SCHWEINFURT

Spieletag an der Franziskus-Schule

Holztürme in der Turnhalle: Schüler und Betreuer bauen begeistert mit.
Foto: Waltraud Fuchs-Mauder | Holztürme in der Turnhalle: Schüler und Betreuer bauen begeistert mit.

(so/cw) Riskiert man am Dienstagmorgen in die Turnhalle der Franziskus-Schule einen Blick, überrascht einen die individuelle Kreativität von 200 Schülerinnen und Schülern. Zum zweiten Mal ermöglicht der Förderverein der Franziskus-Schule den Kindern mit Behinderung einen Schultag der etwas anderen Art - das MainSpielMobil gastiert einen Tag an der Schule. Michael Keim, Spiel- und Theatertrainer, bringt den Schützlingen pädagogische Spiele mit Naturholzmaterialien näher. Im Gepäck hat er Geschicklichkeits-, Kooperations- und Brettspiele, sowie rund 18 000 Holzbauklötze.

„Wir als Pädagogen der Franziskus–Schule verfolgen kein starr zu erreichendes Bildungsziel, sondern individuelle Unterstützung jedes Schülers.“, sagt Horst Brandenstein, Lehrer der Schule an der Zweigstelle in Schonungen. Diese Aussage bewahrheitet sich beim Blick in die Turnhalle und die Aula. Zwei Gruppen der Schülerinnen und Schüler im Alter von drei bis 21 Jahren verteilen sich im großen Schulgebäude, um zwanglos Holzklötze aufeinanderzutürmen. Der Fantasie sind keine Grenzen gesetzt, generationsverbindend verschwinden sogar die Betreuer in der kreativen Menge. Keinem wird vorgeschrieben, wie das Holzmaterial zu gebrauchen ist, so entstehen etliche Gesamtkunstwerke, die sich alle voneinander unterscheiden. Spielerische Wettstreite entstehen schnell, welcher Holzturm der Höchste ist. Fast zwei Meter ragt einer empor.
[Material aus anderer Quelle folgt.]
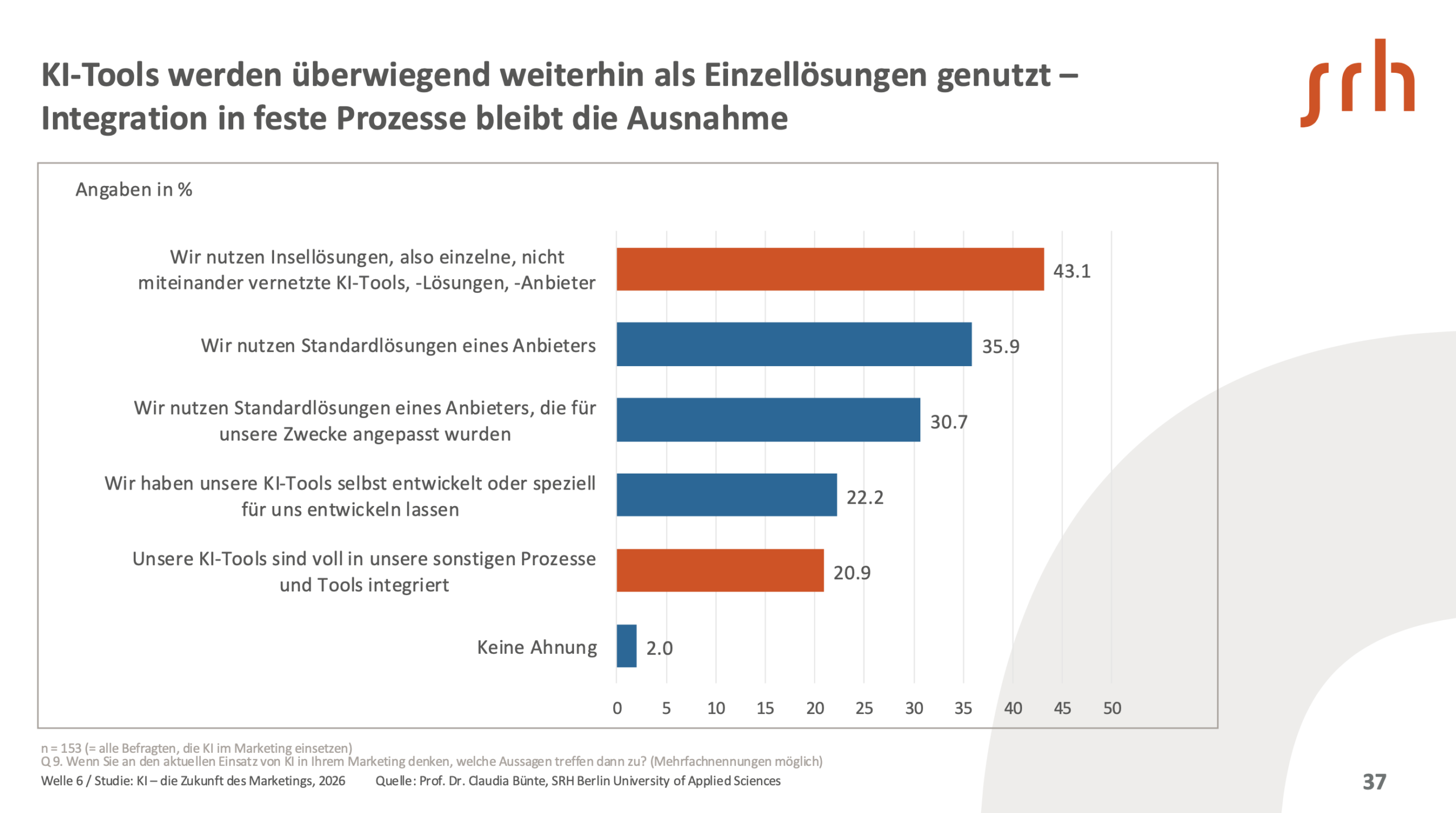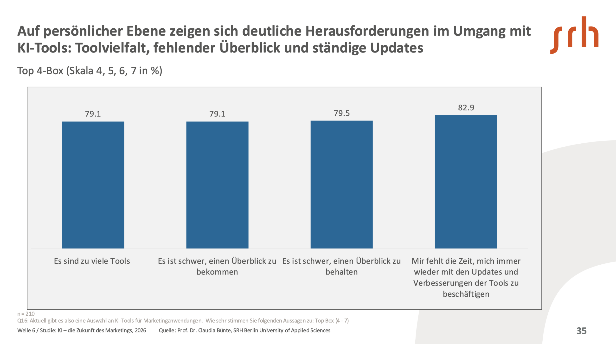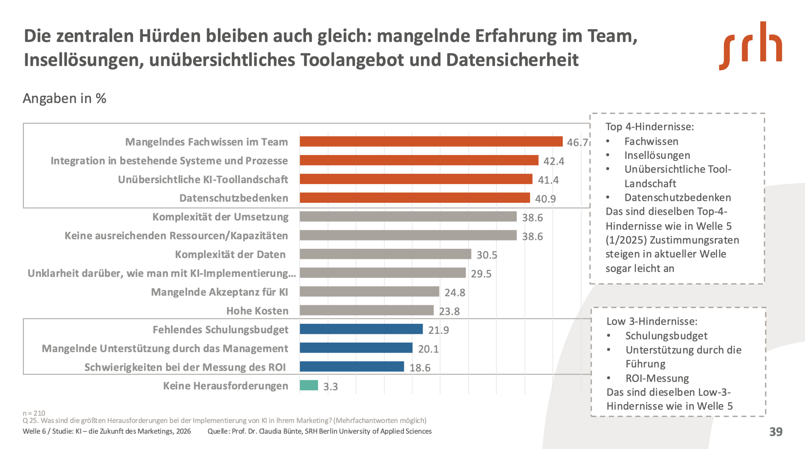 Rund drei Viertel der Befragten fühlen sich durch Toolvielfalt, fehlende Orientierung und ständige Updates überfordert. Der KI-Einsatz erfolgt überwiegend in Form isolierter Einzellösungen; eine systematische Integration in bestehende Prozesse ist weiterhin die Ausnahme. Fehlende Erfahrung im Team, unklare Strukturen und Datensicherheitsbedenken bremsen den Aufbau von Kompetenz und Vertrauen.
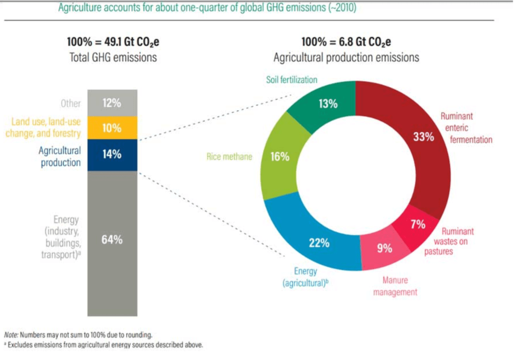 On the other hand, agriculture and related land-use change is already generating as much as 25% of the global annual greenhouse gas (GHG) emissions that cause climate change. In particular, it contributes 44% of methane (CH4), which is a much more potent greenhouse gas than Carbon dioxide (CO2). Per unit of mass, methane is 84-86 times stronger than CO2 over 20 years and 28-34 times as powerful over 100 years.
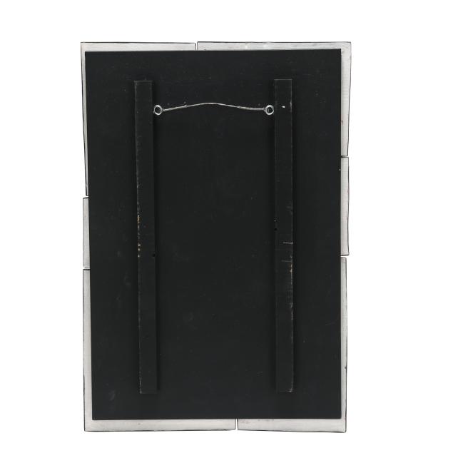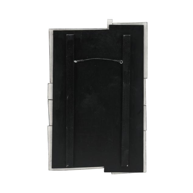 Polychrome glazed ceramic mounted to ebonized wood backing, the two larger pieces signed to lower right.
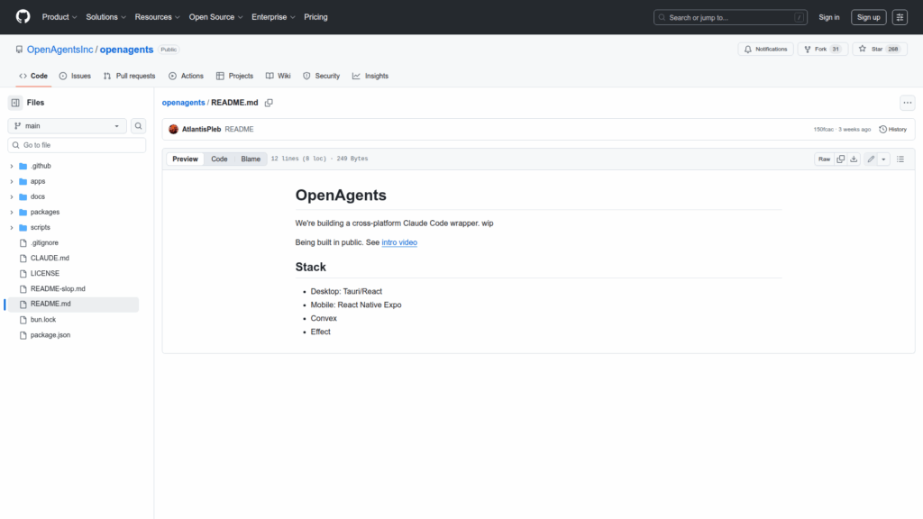 OpenAgents is a work-in-progress repository that implements a cross-platform wrapper around Claude Code and aims to serve as a platform for AI agents. The README states the project is being built in public and identifies the primary goal as providing a unified Claude Code experience across desktop and mobile environments. The repository lists a technology stack including Tauri and React for desktop, React Native Expo for mobile, and uses Convex and Effect as part of its stack. The project is explicitly described as a wrapper and platform rather than a finished product, and it is presented as an open development effort with an introductory video and ongoing public commits.
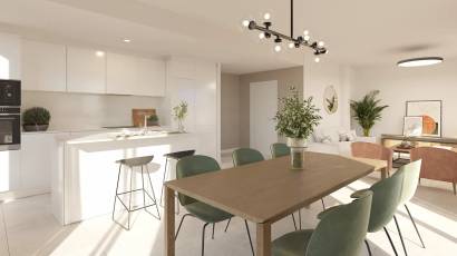 L'intérieur des logements est conçu avec un accent sur la qualité et le confort. Les sols en grès cérame apportent une touche d'élégance et de durabilité, tandis que les appareils électroménagers intégrés facilitent la vie quotidienne. Les placards intégrés offrent des solutions de rangement efficaces, maintenant les espaces ordonnés et fonctionnels. Les logements sont disponibles en configurations de 2 et 3 chambres, avec 2 salles de bains, s'adaptant à différents besoins familiaux. La distribution inclut de vastes espaces de vie qui se connectent fluidement avec les terrasses, créant une ambiance lumineuse et accueillante. L'attention portée aux détails dans chaque élément assure un foyer où confort et style se rencontrent en parfaite harmonie.
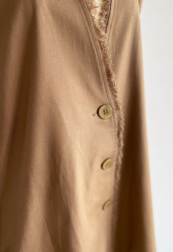前身頃の襟元と後ろセンターにもフリンジが施され大人なこなれ感を演出。
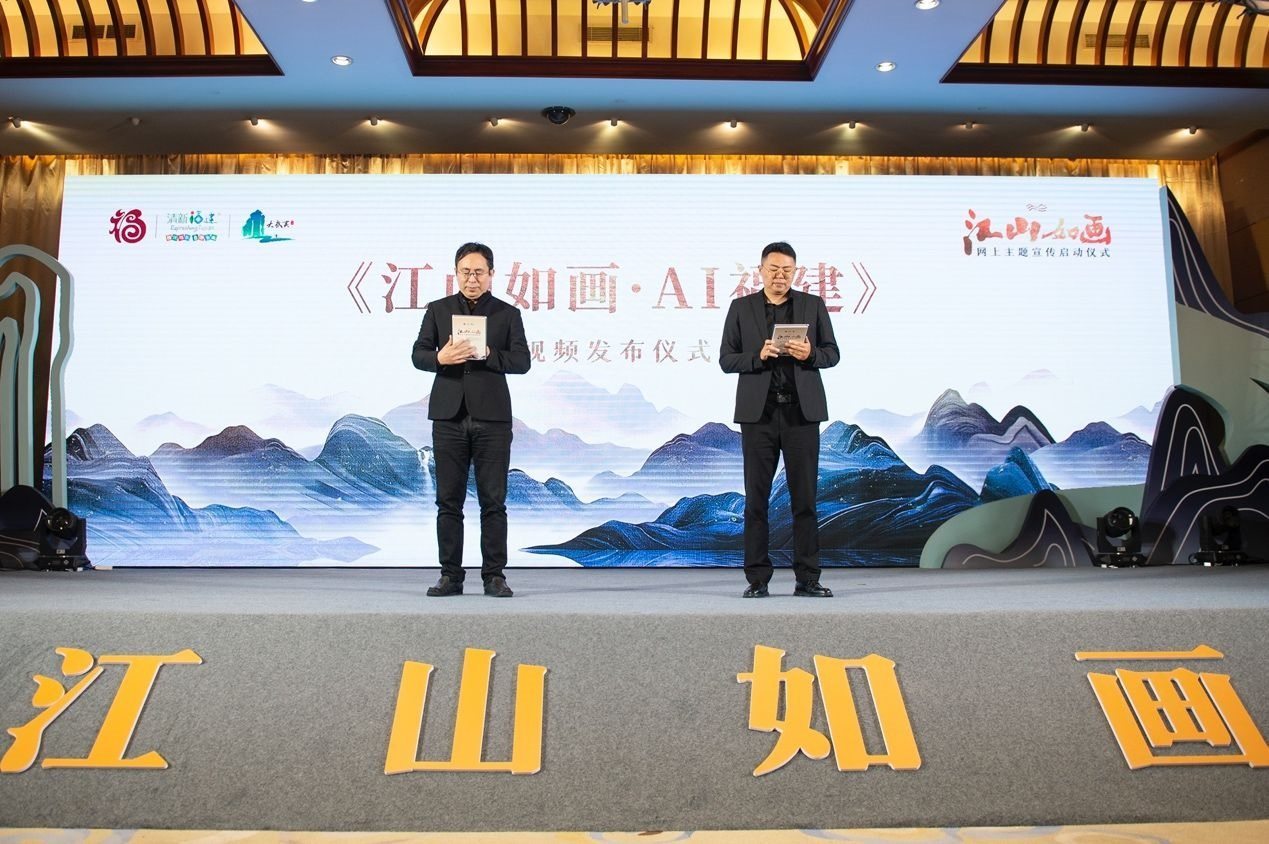 啟動儀式上,中國新聞社融媒體中心副主任、中國新聞網(wǎng)副總編輯宋方燦攜手清華大學新聞與傳播學院元宇宙文化實驗室負責人杭凱共同發(fā)布“江山如畫·AI福建”,以人工智能方式描繪充滿活力與包容的福建。
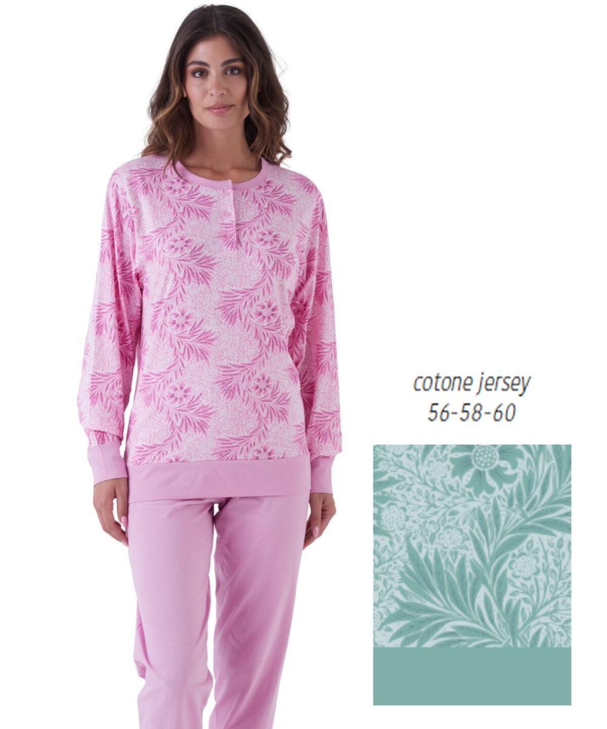 Pigiama donna TAGLIE FORTI a serafino in jersey di cotone fantasia e pantalone lungo con polsini.
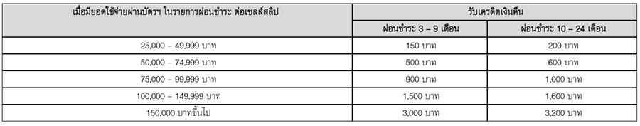 *ขอสงวนสิทธิ์ยกเว้นการมอบคะแนนทุกประเภท สำหรับยอดใช้จ่ายผ่านบัตรฯ ที่นำมาคำนวณเพื่อมอบเครดิตเงินคืนตามรายการนี้
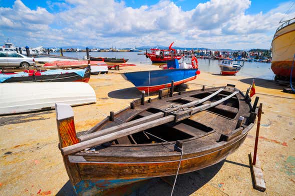 Puis, vous vous dirigerez vers le quartier marin de Peralto, où vous verrez la structure particulière de ses rues qui descendent jusqu'au port. En suivant ce chemin, vous arriverez à la plage Confín, où vous découvrirez l'activité des pêcheurs de fruits de mer de O Grove et observerez le pont qui mène jusqu'à l'île La Toja.
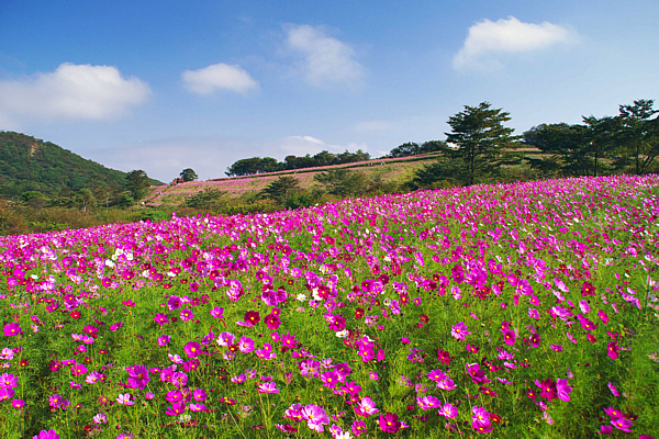 標高1200m、放牧地であった丘陵3ha一面に咲くコスモス。 100万本ものコスモスのお花畑には遊歩道も整備され、 観光名所となっています。入園無料。
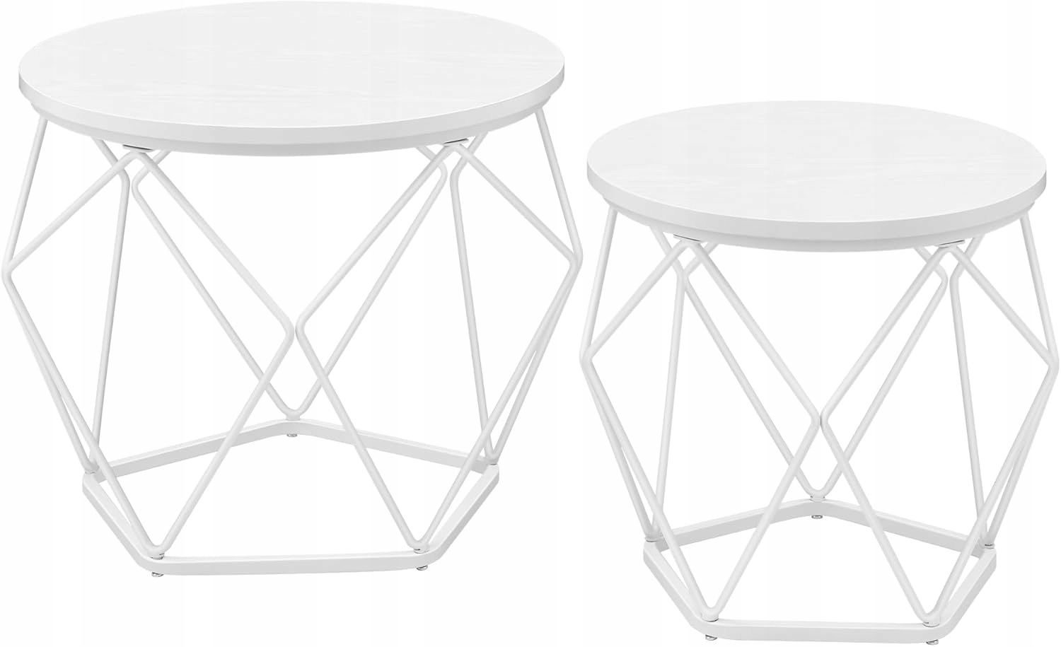 Nowoczesny zestaw 2 stolików kawowych VASAGLE to stylowe i funkcjonalne rozwiązanie do salonu, sypialni lub strefy relaksu. Okrągłe blaty w białym kolorze oraz geometryczna stalowa podstawa tworzą elegancki, loftowy charakter, który przyciąga wzrok.
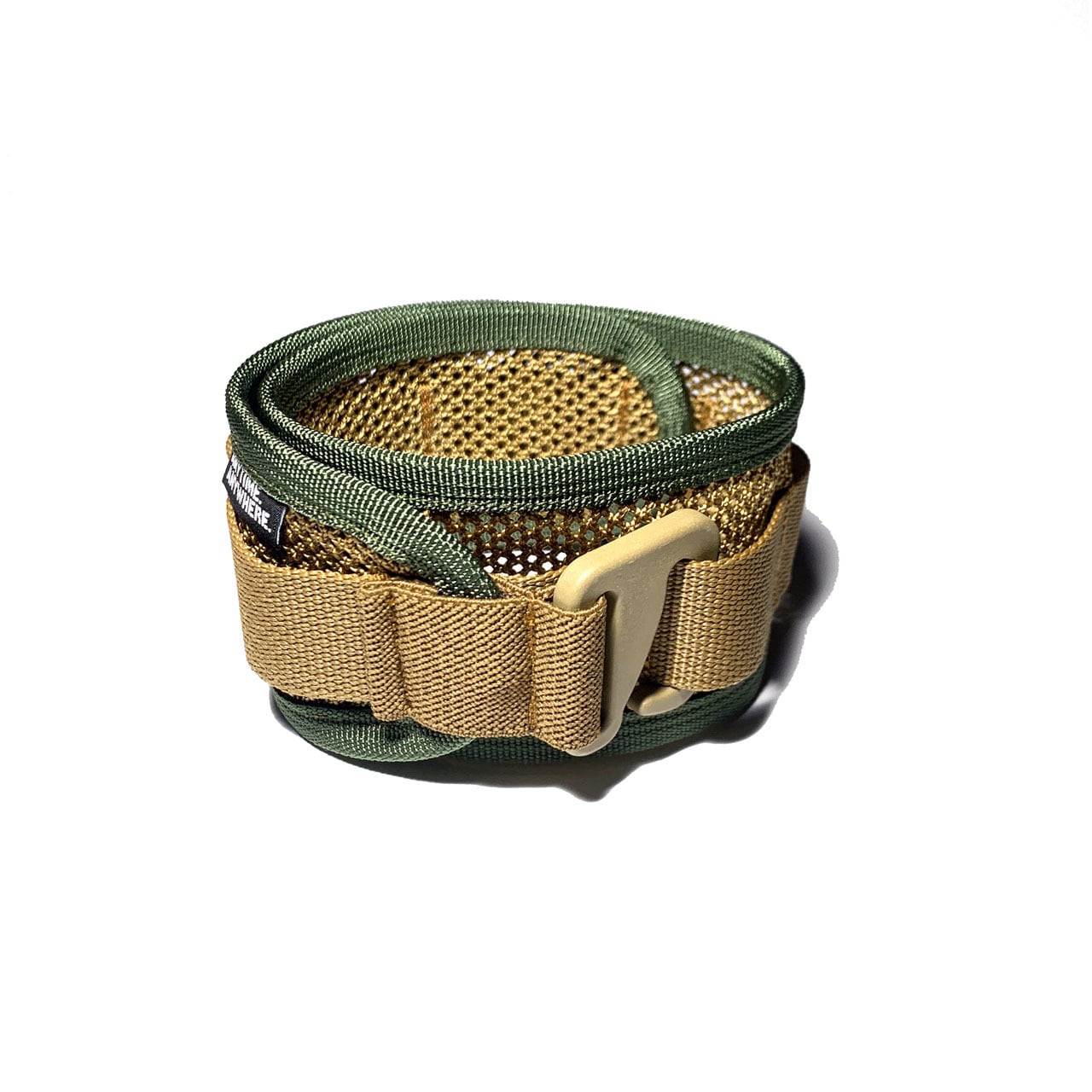 この”G-HOOK TROUSER STRAP”のベースとなる素材は軽量で高強度を誇るMIL-SPEC HEAVYWEIGHT MESHを採用。これに0.75inchのMIL-SPEC WEBBINGをパイピングとしてあしらい補強しております。そして1inchのMIL-SPEC WEBBINGでモールシステムを構築しました。またフックの脱着がしやすいようにモールは膨らませて縫製しております。またこのモールの膨らみによりベルトを巻いた際に適度なクッション性が生まれフィット感を高めてくれます。
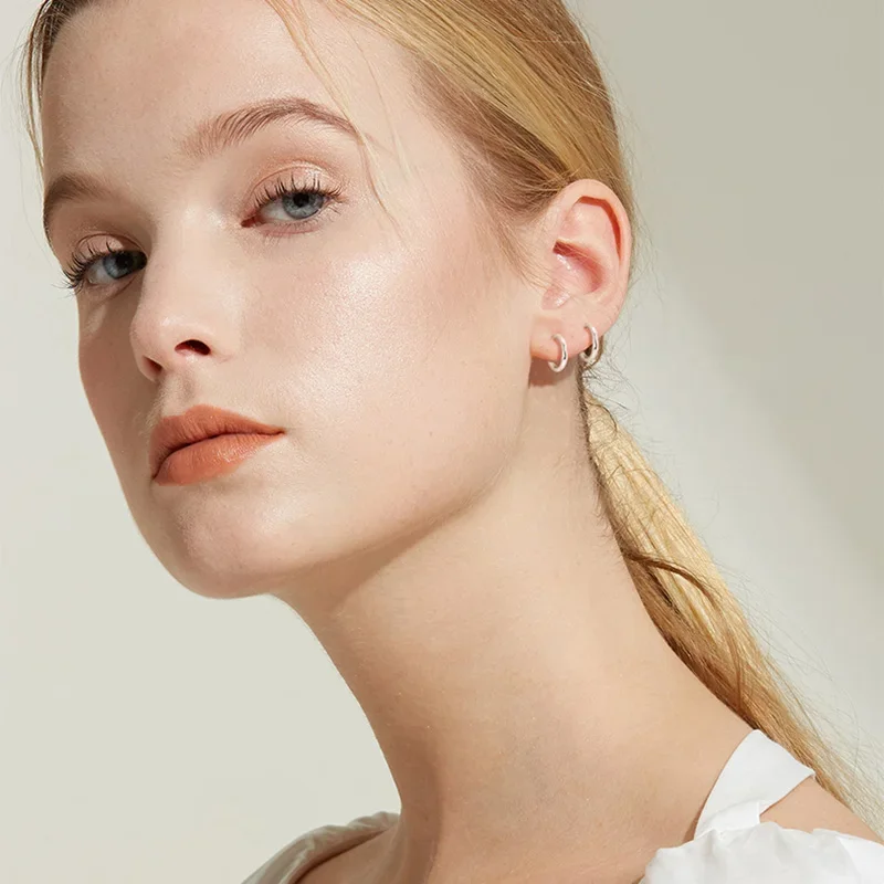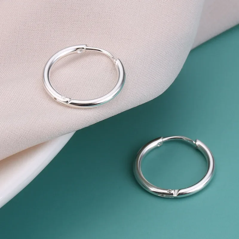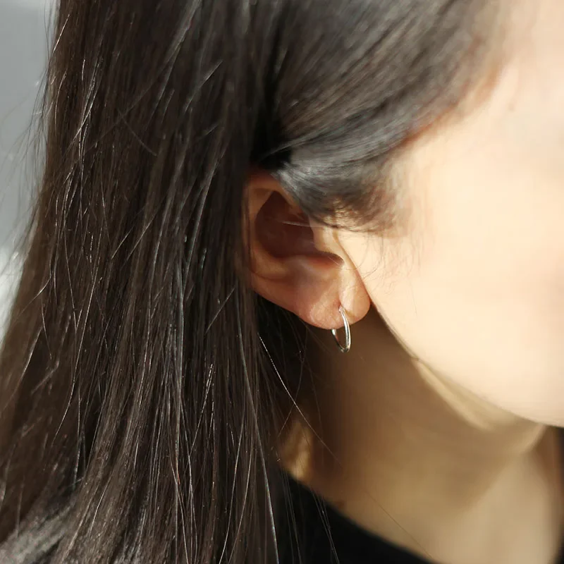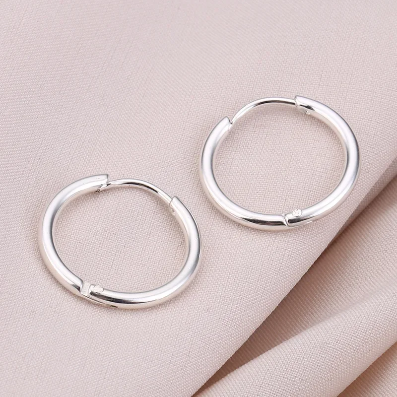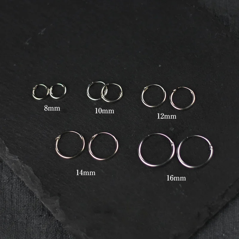 1 pair 2mm Thin Circle Silver color Small Hoops Earring Stainless Steel Anti-allergic Ear Bone Buckle Earring Gothic Ear Jewelry

Gleichzeitig tüftelt die andere Gruppe in der Aula geschickt an Brettspielen herum. Begeistert knobeln die behinderten Schüler gemeinsam am Tetris-Tisch, dem Tischfußball oder dem Fingerbillard. Je weniger Regeln und Vorgaben, desto kreativer spielen die Kinder und Jugendlichen.

Finanzierungslücken schließen

„Wir wollen auf unbürokratische Weise Lücken in der staatlichen Finanzierung schließen.“, äußert sich Cornelia Herbert, erste Vorsitzende des geldgebenden Fördervereins und selbst Mutter einer Schülerin in der Franziskus–Schule. Ein großer Teil der Kosten wird durch den Erlös des Kuchenverkaufs, beim letzten Tag der offenen Tür, gedeckt. Der Rest setzt sich aus Spenden und Vereinsmitteln zusammen. Auch Horst Golüke, stellvertretender Vorsitzender der Lebenshilfe, nimmt mehr als zufrieden am Spiel mit den Schützlingen teil und freut sich als Sprecher der Trägerschaft der Franziskusschule über das gesamte Ergebnis. Herr Golüke musste die Holzklötze auch nicht alleine wegräumen und hatte hier tatkräftige Unterstützung der Schüler.